What the Academic World Just Proved

For the past three years, the enterprise tech world has been captivated by the sheer generative power of Large Language Models. We have watched these systems write code, draft emails, and synthesize vast amounts of data with eerie fluency. But as we have tried to aggressively wedge these probabilistic models into the strict, heavily regulated world of healthcare finance, we have hit a wall.
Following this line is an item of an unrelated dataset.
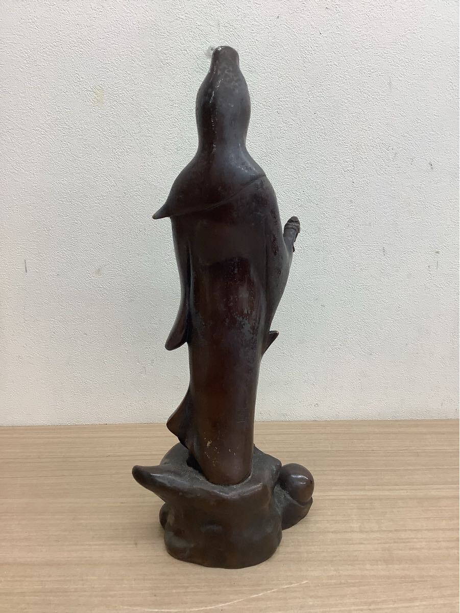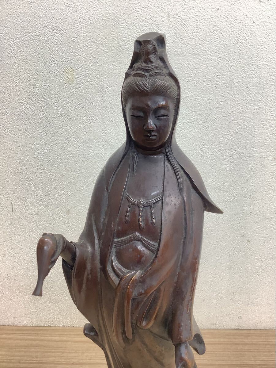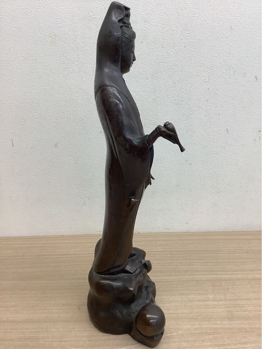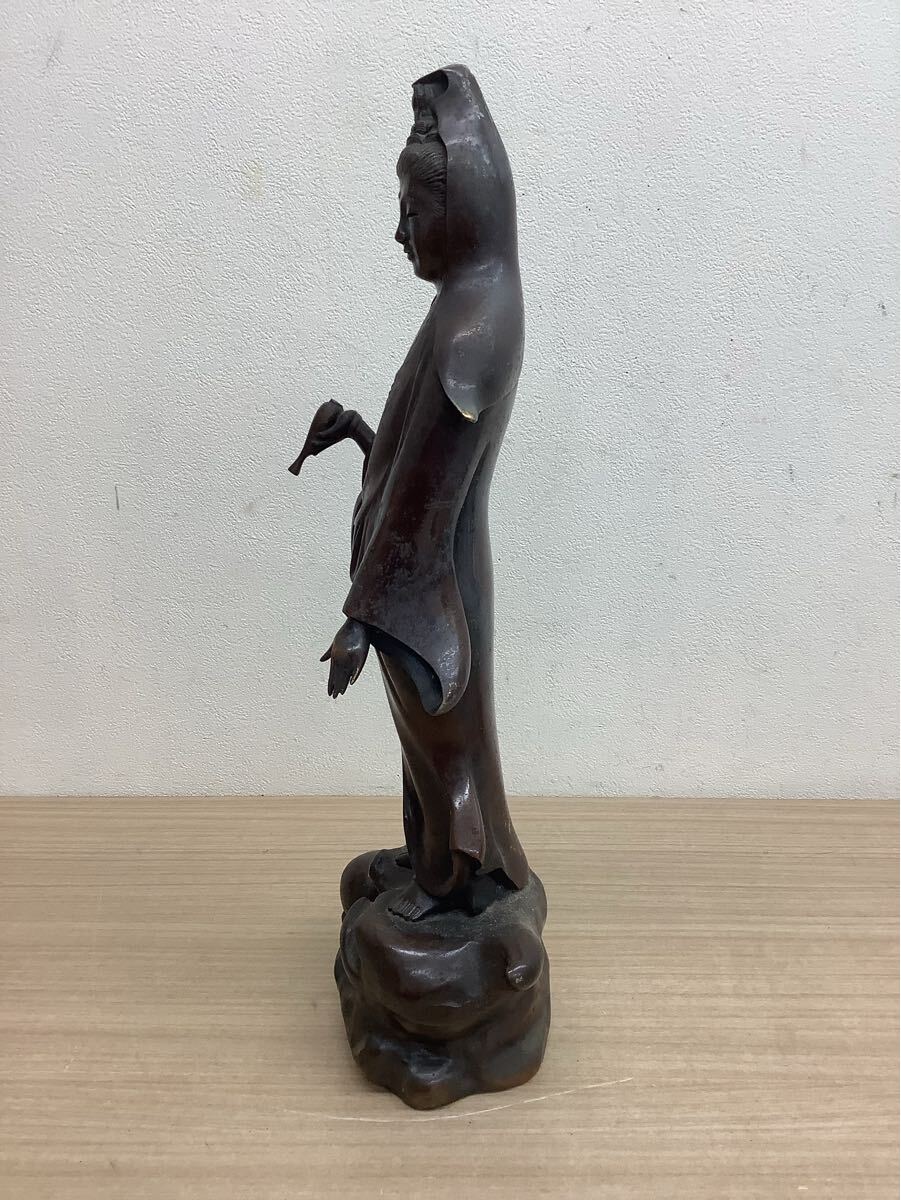 観音菩薩像 金属製 立像 彫刻 在銘有 仏教美術 アンティーク 台座付き 高さ約47cm 現状品

When you are dealing with patient data, complex provider contracts, and billions of dollars in medical claims, “fluency” is not enough.

You need absolute, deterministic accuracy. You cannot guess on a claim denial.

This architectural mismatch is finally coming to a head. Recently, a wave of breakthrough research from top academic institutions has explicitly validated what we have been building toward for years: the future of high-stakes enterprise AI is not pure machine learning. It is Neuro-Symbolic AI.

Here is why this shift is the only way we will solve the payment integrity crisis, eradicate provider abrasion, and fix the broken revenue cycle.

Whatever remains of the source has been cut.